Le logiciel espion Pegasus de la société israélienne NSO Group serait utilisé «pour le compte d’une dizaine de gouvernements», révèle une enquête menée par l’organisation française Forbidden Stories et l’ONG Amnesty International. Elle a été publiée ce dimanche 18 juillet par un consortium de 17 médias internationaux, dont Le Monde. Parmi les bénéficiaires, les auteurs citent notamment le Premier ministre hongrois, Viktor Orban, qui semble-t-il entretient des rapports complexes avec l’un des donateurs de Forbidden Stories.
Dans le cadre de l’enquête sur cette «arme numérique» utilisée contre des opposants politiques, des journalistes ou des fonctionnaires des États voisins dans de nombreux pays, un annuaire contenant 50.000 numéros de téléphones dont certains actifs en France, a été analysé.
Qu’est-ce que le logiciel Pegasus?
C’est en raison des failles de sécurité dans les logiciels d’Apple et de Google que Pegasus peut être installé sur un smartphone à distance. Le propriétaire du téléphone ciblé n’a même pas besoin d’ouvrir tel ou tel lien pour «attraper» ce logiciel malveillant, précise Le Monde.
Le Monde indique qu’au cours d’«analyses techniques extrêmement poussées» sur les téléphones mobiles de cibles potentielles, réalisés grâce aux experts du Security Lab d’Amnesty International, l’authenticité de certaines données a été confirmée: nombre de ces personnes appartenant à la société civile ont en effet été infectées par Pegasus.
Pourquoi s’en servir?
Tandis que le but proclamé du logiciel est de contribuer «à la lutte contre le terrorisme et le crime organisé», la majorité des clients de NSO Group s’en sont servis dans un autre but, indique l’enquête. Selon le quotidien français et ses partenaires, qui ont consulté l’analyse des données en question, pour la plupart des clients de l’entreprise israélienne, «terrorisme et grand banditisme ne constituent qu’une infime partie des utilisations». Il s’agit surtout de l’espionnage des hommes politiques des pays voisins ainsi que de détracteurs dans leur propre pays.
Contacté par les journalistes, NSO Group réfute toutes les accusations de l’enquête, arguant que celle-cine s’appuie «sur aucune base factuelle».
«NSO Group nie fermement les fausses accusations portées dans votre enquête. Ces accusations sont pour beaucoup des théories non corroborées, qui jettent de sérieux doutes sur la crédibilité de vos sources, ainsi que sur le cœur de votre enquête», a répondu l’entreprise, citée par Le Monde, tout en promettant de continuer «d’enquêter sur les accusations crédibles d’utilisation abusive» de son logiciel.
Cibles françaises
Selon l’enquête, plusieurs milliers de numéros téléphoniques français, sont devenus la cible de Pegasus, la majorité pour le compte du Maroc. Sollicité par les enquêteurs, Rabat «rejette catégoriquement les allégations».

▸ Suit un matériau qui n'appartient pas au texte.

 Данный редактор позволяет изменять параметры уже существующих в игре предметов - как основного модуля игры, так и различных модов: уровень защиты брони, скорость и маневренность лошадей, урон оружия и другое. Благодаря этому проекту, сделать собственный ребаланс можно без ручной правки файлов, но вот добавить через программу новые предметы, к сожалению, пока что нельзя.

Le Monde souligne qu’en France, c’est également la société civile qui se trouve dans le viseur, à savoir des journalistes, des athlètes, des youtubeurs, des prêtres et des imams, des avocats ainsi que «des hommes et des femmes dont le seul tort est d’être proches, par liens d’amitié ou familial, de personnes critiques du gouvernement».
Selon les témoignages recueillis par les journalistes qui ont travaillé sur le Projet Pegasus, les conséquences de la surveillance pour les cibles ont été lourdes menant notamment à «l’autocensure de voix dissidentes, même les plus modérées».
Soros vs Orban?
D’après le Guardian, les téléphones de deux journalistes du partenaire hongrois du projet enquêtant sur Pegasus, le média d'investigation Direkt36, ont été infectés par le logiciel espion israélien. D’après l’analyse de données d’Amnesty International, l’appareil de l’un d’entre eux, Szabolcs Panyi, l’a été en 2019 peu après les demandes de commentaires effectuées par le journaliste auprès du gouvernement hongrois dirigé par Viktor Orban.

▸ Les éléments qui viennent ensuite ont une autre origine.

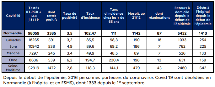 Les derniers chiffres publiés ce soir, ne sont pas particulièrement bons. Ils nous apprennent que le taux d'incidence en Normandie continue sa progression et passe de nouveau au-dessus des 100 cas pour 100 000 habitants pour atteindre 102,47 (contre 94,8 le 18/12). Le département de l'Orne atteint un taux record de 194,7.

Il est d’ailleurs à préciser que l’un des donateurs de Forbidden stories, l’auteur de l’enquête sur le Pegasus, est l’organisation Open Society Foundations, financée par le milliardaire américain George Soros. Les relations entre cet homme d’affaires d’origine hongroise et le Premier ministre hongrois Viktor Orban sont d’ailleurs assez tendues, le bras de fer entre eux quant à la fermeture à Budapest de l’Université d'Europe centrale financée par Soros en étant l’exemple le plus parlant.